Shortest Days

Sitting at the kitchen table, watching the sunlight pour down the western ridge.

A flock of fat bluejays explores the garden around the house, a titmouse, junco and cardinal are in the azalea by the porch. Now the cardinal is in the lilac. What a treat to see his deep, sleek red. This little feathered flurry around the house and porch, the exploring of its nooks and crannies seems like a morning greeting of sorts.

The sky before sunrise was a quiet, milky white. Transformed by dawn into pink, drifty clouds sailing against a sudden blue. Color bleeds from the southeast across the entire southern sky. A miracle of sorts.

But life seems increasingly fickle and fleeting, like the waning days. It is cold now. I watch the wood pile shrink. The circle contracts. Reality shifts. I live mostly in the kitchen. I tape up the doors against the wind. Hang blankets, lower blinds. Summer seems a distant world, a place where I once lived but can barely remember.

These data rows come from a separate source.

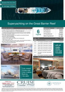 YOT Superyachting on the Great Barrier Reef – Phoenix One – 6nts – 16Oct22Jolee Gallagher2021-07-13T06:34:39+10:00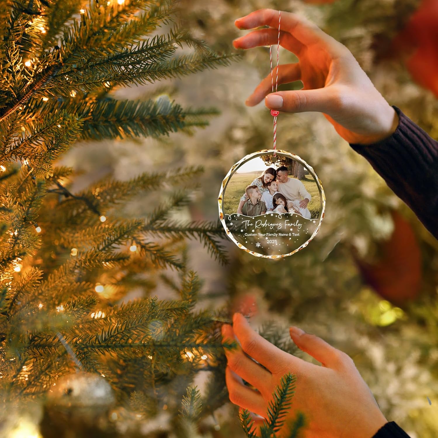 - 💎 Custom Crystal Family Ornament – Crafted from premium clear crystal, this ornament allows you to upload a family photo and add names or year. A beautiful way to celebrate your family’s holiday memories
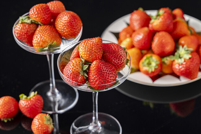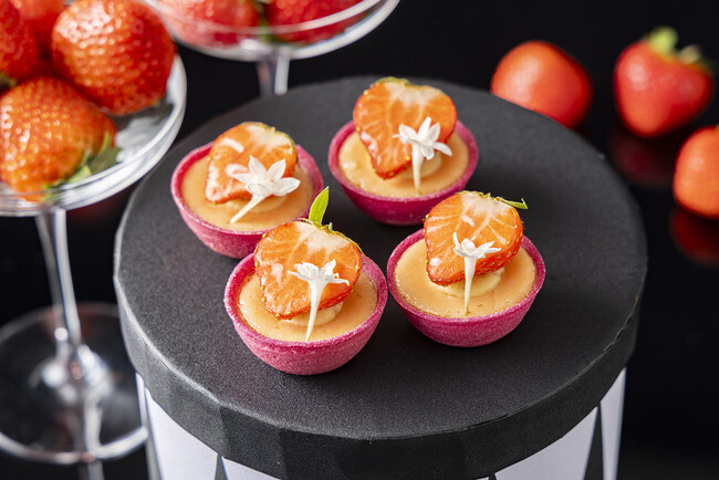 会場では、目の前で仕上げるライブステーションを設置し、2種類のストロベリースイーツをご提供します。「ストロベリークレープシュゼット」は、香ばしく焼き上げたクレープに、柚子がほのかに香るカスタードクリームを包み、温かいカラメル風味のいちごピューレをかけて仕上げる一皿。いちごの香りと酸味、カスタードの上品な甘さが絶妙なハーモニーを奏でます。「いちご大福」は、もちもちの求肥で、いちごとカスタードクリームを包み込んだ和洋折衷のスイーツ。一口で広がる素材の味と食感が、贅沢なひとときを演出します。

The sun travels a shallow arc, skirting the southern horizon. When clouds part, light pours into the house at a steep, sharp slant. Land glows with a brilliance that cannot be matched by the glare of midsummer. Clover the cat follows the light as it moves from window to window.

Daylight fails. It feels as if time is both sped up and stood still. A profound and sudden darkness settles over the landscape. The sunset colors are fierce. Stunning and brief. Soon the moon will be full. Well after sundown, she emerges from behind the hills across the river, a bent circle, white and cold. Stars crackle and spin in the rarified air. The Milky Way burns a path across the sky. Coyote song sets the constellations into a sparkling, shivering tremor.